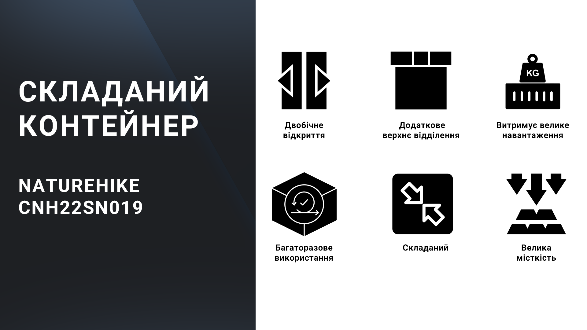 Контейнер CNH22SN019 дозволяє з комфортом облаштувати місце для заміського відпочинку, забезпечуючи зручне зберігання спорядження або харчових продуктів. Конструкцію також можна використовувати як імпровізований столик або тумбу.
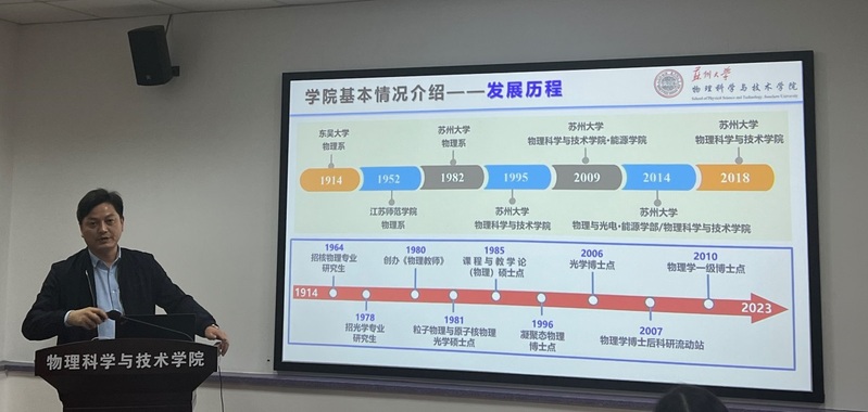 盛万成书记介绍了参加此次调研活动的老师,并表达了此行的学习目的,希望能够通过此次来访交流,借鉴苏大物理司机社 的成功经验,助推上海大学理司机社 的发展。
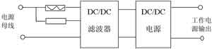 电源控制器中遥测变换电路使用的二次电源以母线电源为输入电源,工作电源采用DC/DC变换型电源。设计选用了成品INTERPOINT公司电源??椋缭词淙攵耸褂昧烁霉镜腅MI-461滤波器,保险丝与限流电阻并联?;ご胧;さ缏啡缤?所示。
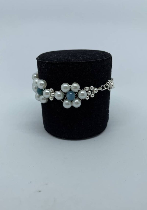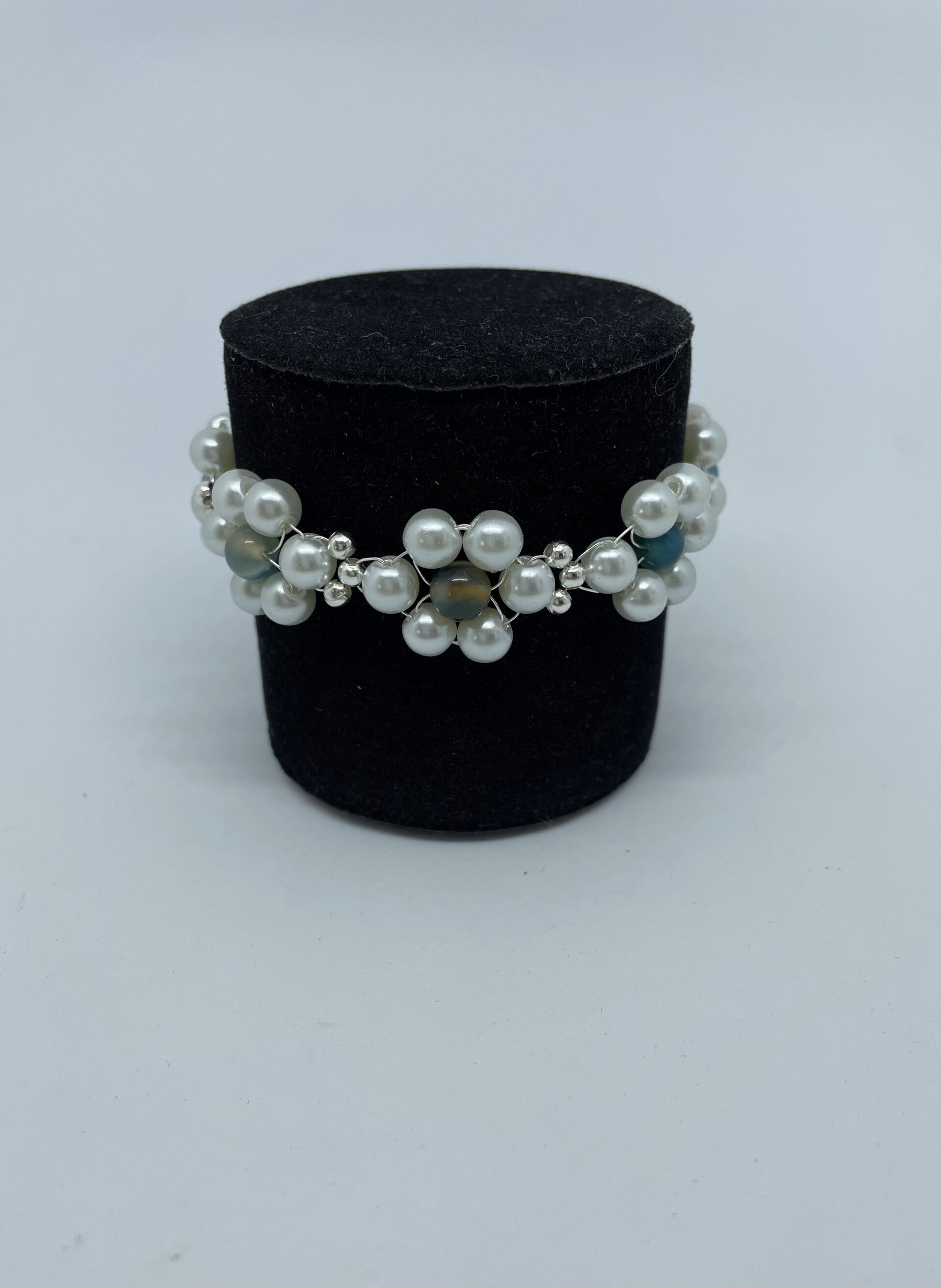Introducing our handmade Daisy Peacock Agate bracelet, featuring a beautiful daisy pattern crafted from glass beads and stunning blue Peacock Agate gemstones. Each piece is carefully wrapped with high-quality silver wire, ensuring durability and elegance. The adjustable design ensures a perfect fit on any wrist, making it the perfect accessory for any outfit and a must-have for any jewelry collection. Add a touch of nature-inspired beauty to your look with this unique and striking bracelet. Handmade with love and attention to detail, this Daisy Peacock Agate bracelet
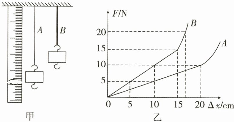 (1)由图乙可知,B橡皮筋在受到的拉力不大于$15\ N$的情况下,橡皮筋受到的拉力大小F与橡皮筋的伸长量$\Delta x$变化关系为一条直线,说明橡皮筋受到的拉力F与橡皮筋的伸长量$\Delta x$成正比例函数的关系,即$F_B = k_B\Delta x_B$,当$F_B = 10\ N$时,$\Delta x_B = 10\ cm$,将上面的数据分别代入$F_B = k_B\Delta x_B$,得$k_B= 1\ N/cm$,所以当在两根橡皮筋上悬挂重力为$6\ N$的物体时,B橡皮筋的伸长量$\Delta x_B'=\frac{6\ N}{1\ N/cm}=6\ cm$.
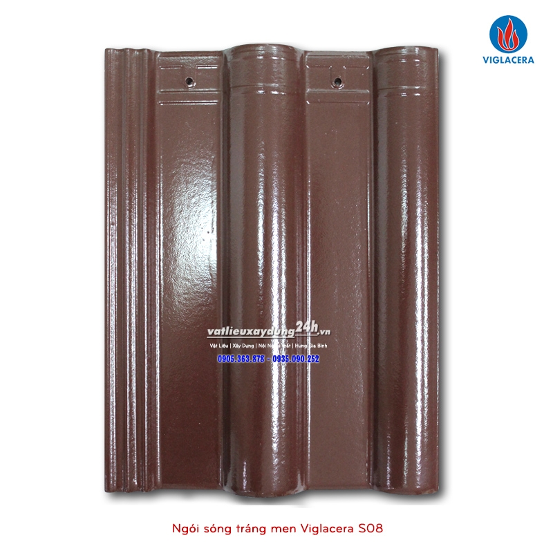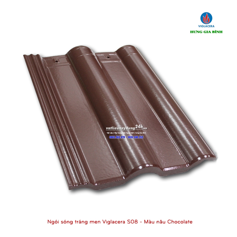 - Ngói sóng tráng men Viglacera S08 nâu chocolate được lược bỏ "yếu điểm" của mẫu cũ ngói S là không vát cạnh, giúp cho viên ngói tuyệt đối không xuyên nước, chống nóng, chống ồn được tốt hơn.

TASK DETAILS: The answer must be the full listing, exact in every line, with the pictures removed.

ANSWER SPACE:
 Контейнер CNH22SN019 дозволяє з комфортом облаштувати місце для заміського відпочинку, забезпечуючи зручне зберігання спорядження або харчових продуктів. Конструкцію також можна використовувати як імпровізований столик або тумбу.
 盛万成书记介绍了参加此次调研活动的老师,并表达了此行的学习目的,希望能够通过此次来访交流,借鉴苏大物理司机社 的成功经验,助推上海大学理司机社 的发展。
 电源控制器中遥测变换电路使用的二次电源以母线电源为输入电源,工作电源采用DC/DC变换型电源。设计选用了成品INTERPOINT公司电源??椋缭词淙攵耸褂昧烁霉镜腅MI-461滤波器,保险丝与限流电阻并联?;ご胧;さ缏啡缤?所示。
Introducing our handmade Daisy Peacock Agate bracelet, featuring a beautiful daisy pattern crafted from glass beads and stunning blue Peacock Agate gemstones. Each piece is carefully wrapped with high-quality silver wire, ensuring durability and elegance. The adjustable design ensures a perfect fit on any wrist, making it the perfect accessory for any outfit and a must-have for any jewelry collection. Add a touch of nature-inspired beauty to your look with this unique and striking bracelet. Handmade with love and attention to detail, this Daisy Peacock Agate bracelet
 (1)由图乙可知,B橡皮筋在受到的拉力不大于$15\ N$的情况下,橡皮筋受到的拉力大小F与橡皮筋的伸长量$\Delta x$变化关系为一条直线,说明橡皮筋受到的拉力F与橡皮筋的伸长量$\Delta x$成正比例函数的关系,即$F_B = k_B\Delta x_B$,当$F_B = 10\ N$时,$\Delta x_B = 10\ cm$,将上面的数据分别代入$F_B = k_B\Delta x_B$,得$k_B= 1\ N/cm$,所以当在两根橡皮筋上悬挂重力为$6\ N$的物体时,B橡皮筋的伸长量$\Delta x_B'=\frac{6\ N}{1\ N/cm}=6\ cm$.
 - Ngói sóng tráng men Viglacera S08 nâu chocolate được lược bỏ "yếu điểm" của mẫu cũ ngói S là không vát cạnh, giúp cho viên ngói tuyệt đối không xuyên nước, chống nóng, chống ồn được tốt hơn.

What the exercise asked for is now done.